TRY IT - Exact copy, pictures excluded: please retype the lines from the start of the material through the line containing "نشر مصطفى فتحي،", both ends included, and nothing more.

SOURCE DATA -
=======
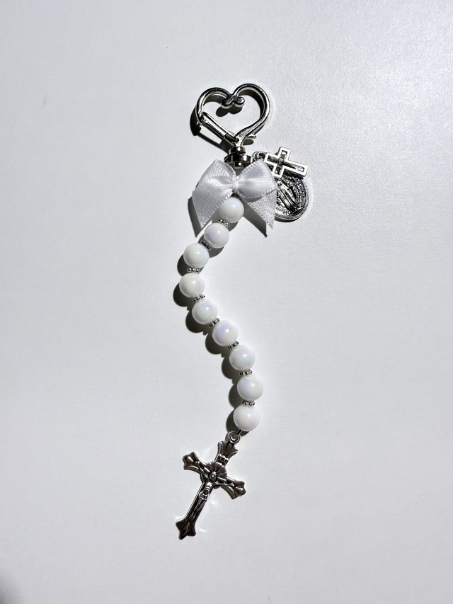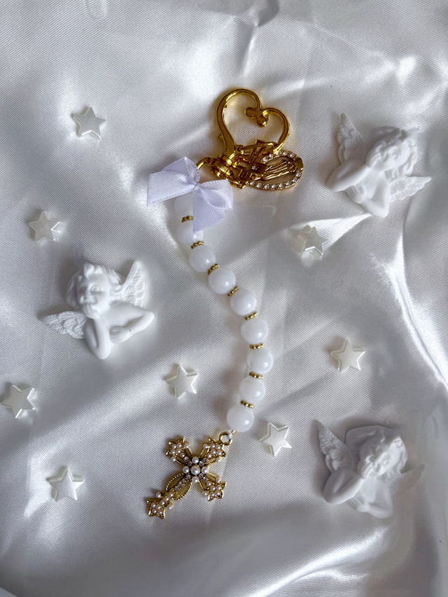 Le blanc symbolise la force, la protection et le mystère divin et le doré évoque la gloire céleste, la royauté et la lumière divine. Les perles en rose blanches ajoutent une touche de pureté, de clarté et d’espérance spirituelle. Ces couleurs élégantes et profondes rendent hommage à Abraham, un chapelet inspiré par la figure biblique d’Abraham, symbole de foi, d’alliance et de promesse divine.
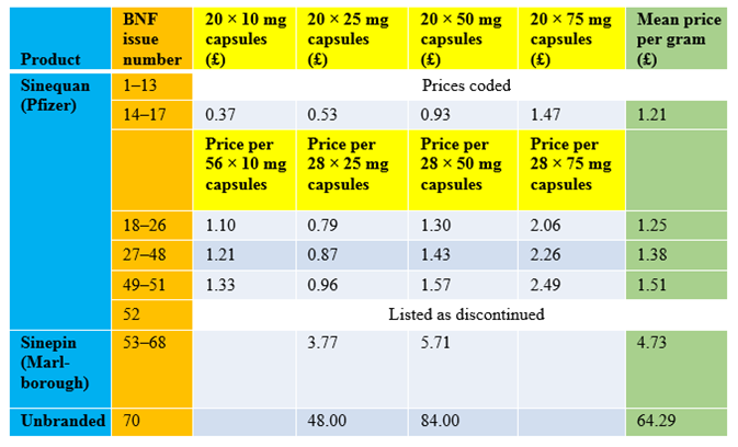 Table: Changing prices of doxepin, as listed in print issues of the BNF
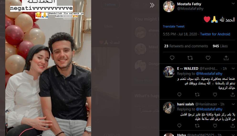 نشر مصطفى فتحي، لاعب فريق الزمالك، صورة له برفقة زوجته عبر صفحته الشخصية بموقع التواصل الاجتماعي إنستجرام عقب شفائه من الإصابة بفيروس كورونا المستجد.
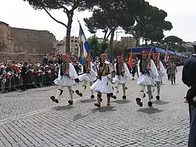 The Presidential Guard is a purely ceremonial unit, charged with providing permanent ceremonial guard detachments of two Evzones each for the Tomb of the Unknown Soldier and the entrance to the Presidential Mansion, and one Evzone for its own barracks, the Georgios Tzavellas Camp, situated directly in front of the Presidential Mansion.[6] It also provides personnel for the solemn raising and lowering of the Greek flag on the Acropolis of Athens, honour guards during foreign head of state visits, and participation in military parades both inside and outside Greece, most notably during the Greek Independence Day celebrations on 25 March in New York and Chicago.[7] Detachments of the Guard have also occasionally participated in Greek Independence Day celebrations in Melbourne, Philadelphia, and elsewhere.
=======
ANSWER AREA -
 Le blanc symbolise la force, la protection et le mystère divin et le doré évoque la gloire céleste, la royauté et la lumière divine. Les perles en rose blanches ajoutent une touche de pureté, de clarté et d’espérance spirituelle. Ces couleurs élégantes et profondes rendent hommage à Abraham, un chapelet inspiré par la figure biblique d’Abraham, symbole de foi, d’alliance et de promesse divine.
 Table: Changing prices of doxepin, as listed in print issues of the BNF
 نشر مصطفى فتحي، لاعب فريق الزمالك، صورة له برفقة زوجته عبر صفحته الشخصية بموقع التواصل الاجتماعي إنستجرام عقب شفائه من الإصابة بفيروس كورونا المستجد.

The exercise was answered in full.